**Data provided**
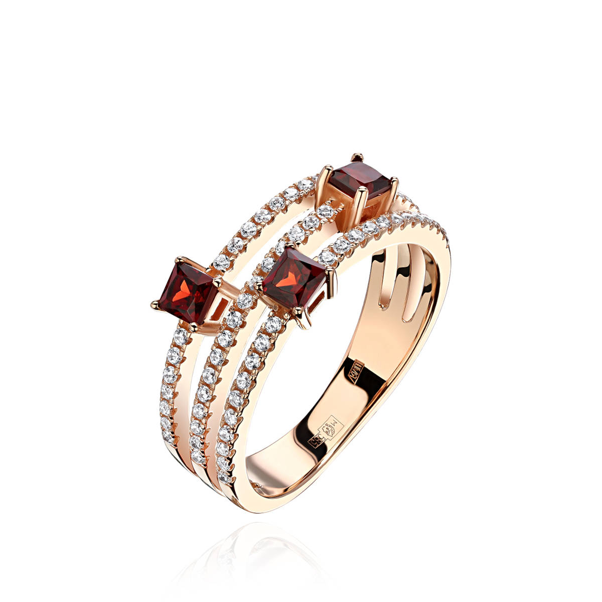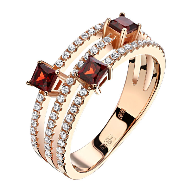 Кольцо из красного золота 585 пробы с гранатами и фианитами 01К3114107-1
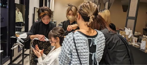 入社後1〜3か月は平日9:00-17:00を“練習専用時間”として確保。基礎技術(カラー等)・接客を段階的に学びます。到達度チェック表を使うため、自分の成長が可視化できます。
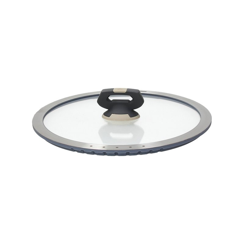 The Italika Premium Line lid has a clear glass body and a steel rim with drainage holes. Thanks to the transparent glass, the lid guarantees the visibility of cooking. It features a non-slip, anti-scald silicone handle for a comfortable and secure grip.
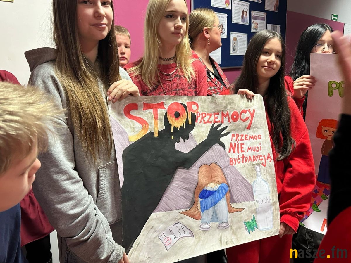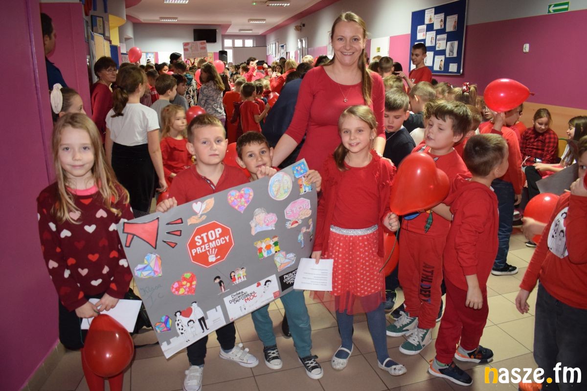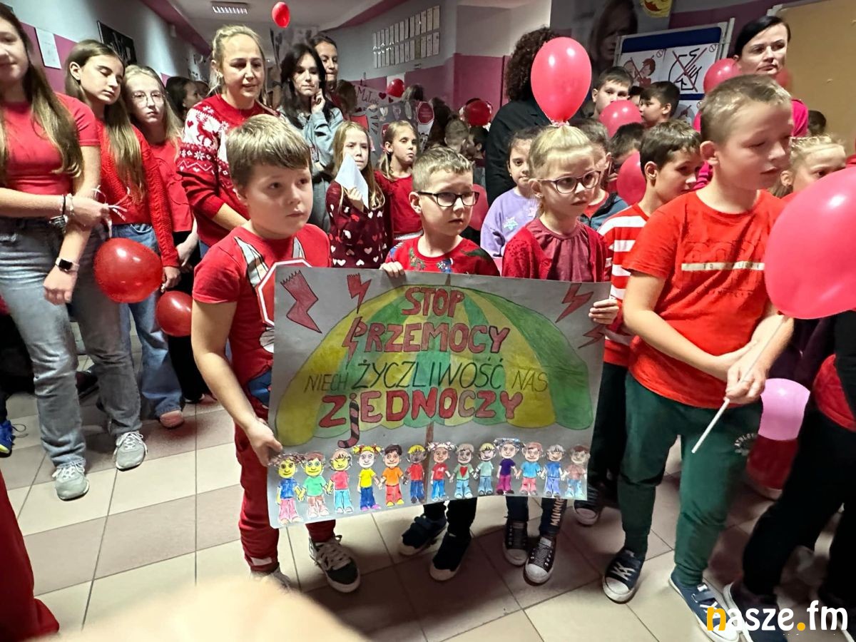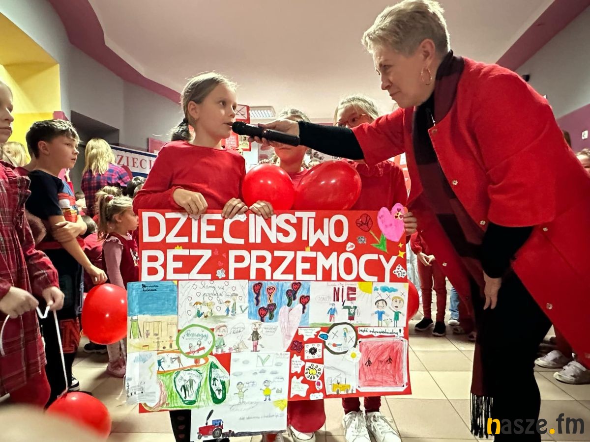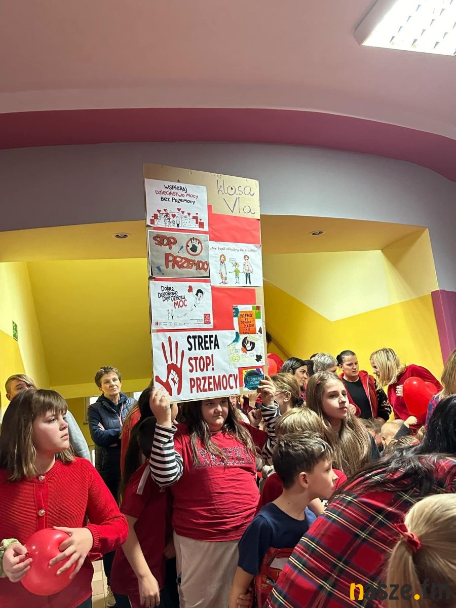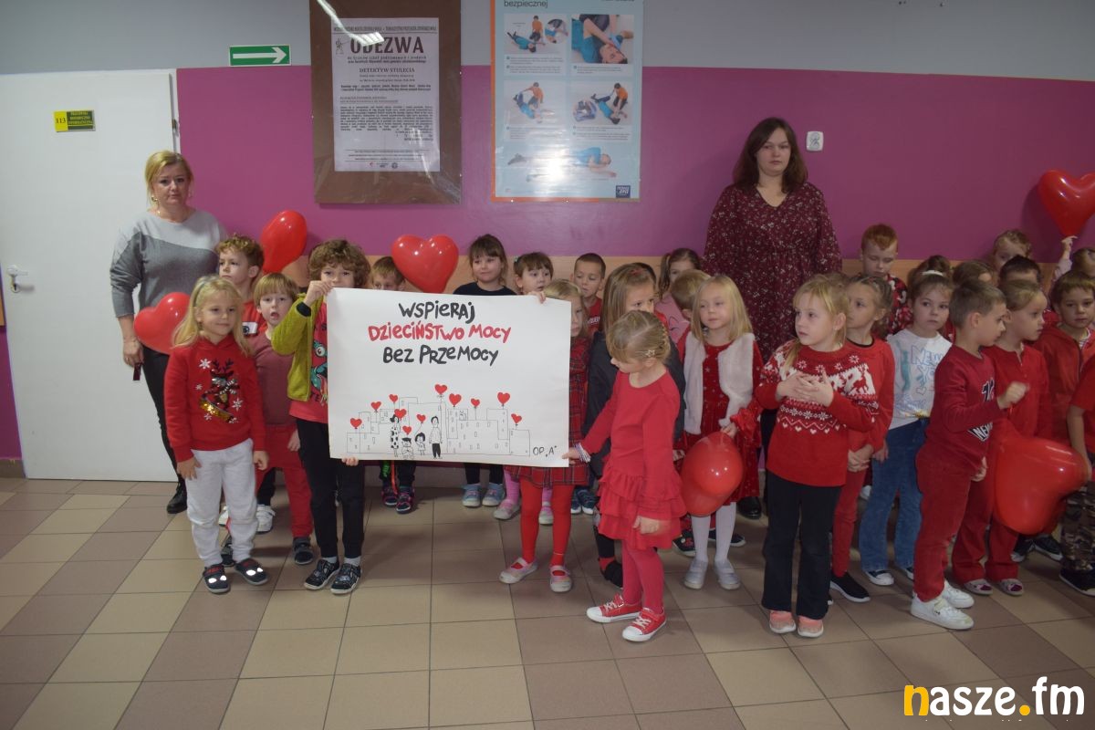 Cała społeczność szkolna uczestniczyła w szkolnym happeningu, w trakcie którego został głośno zadeklarowany sprzeciw wobec krzywdzenia dzieci i stosowania wobec nich przemocy, zaniedbania ze strony dorosłych oraz rówieśników.

**Required work**
Would you please reproduce verbatim the run of lines that opens the listing and ends with the line holding "The Italika Premium", and only that run, leaving every picture out?

**The answer**
 Кольцо из красного золота 585 пробы с гранатами и фианитами 01К3114107-1
 入社後1〜3か月は平日9:00-17:00を“練習専用時間”として確保。基礎技術(カラー等)・接客を段階的に学びます。到達度チェック表を使うため、自分の成長が可視化できます。
 The Italika Premium Line lid has a clear glass body and a steel rim with drainage holes. Thanks to the transparent glass, the lid guarantees the visibility of cooking. It features a non-slip, anti-scald silicone handle for a comfortable and secure grip.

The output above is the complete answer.